The focused total fluid flows are particularly advantageously symmetrical distributed in one or more levels around the vortex chamber initiated. The total fluid flows to be introduced can be the same fluids or also have different fluids, which then only in the common space can be contacted and mixed. The previously described Different versions can also be used for this Embodiment can be used advantageously.
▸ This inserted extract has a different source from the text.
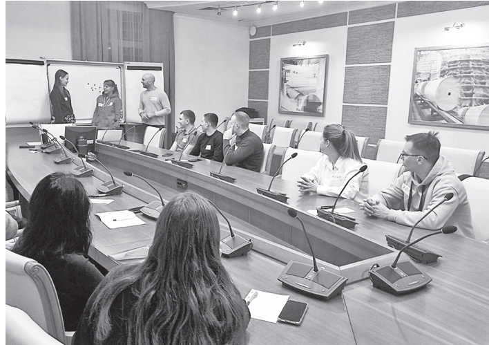
Тренировка навыков коммуникации

Молодые работники АО «Соликамскбумпром» стали участниками очередной рабочей сессии «Стратегия развития молодёжного объединения на предприятии», которая состоялась 6 декабря в ДК «Бумажник».

In another embodiment, the total fluid flows are focused introduced into the swirl chamber at different angles. Especially This embodiment is advantageous for mixing gases with Liquids used in the swirl chamber. Here, the Total gas flows at a steeper angle than the total liquid flows in the vortex chamber is initiated, the total liquid flows also gas can have liquid dispersions. As a result, the in the Total gas flows flowing in from the vortex chamber Total liquid flows divided into small gas bubbles.

The static micromixer according to the invention for mixing at least two fluids is characterized by a swirl chamber into which the Focusing channel opens in such a way that the focused total fluid flow as Fluid jet enters, forming an inward flowing fluid spiral, and at least one fluidly connected to the swirl chamber standing outlet channel for discharging the mixture formed.  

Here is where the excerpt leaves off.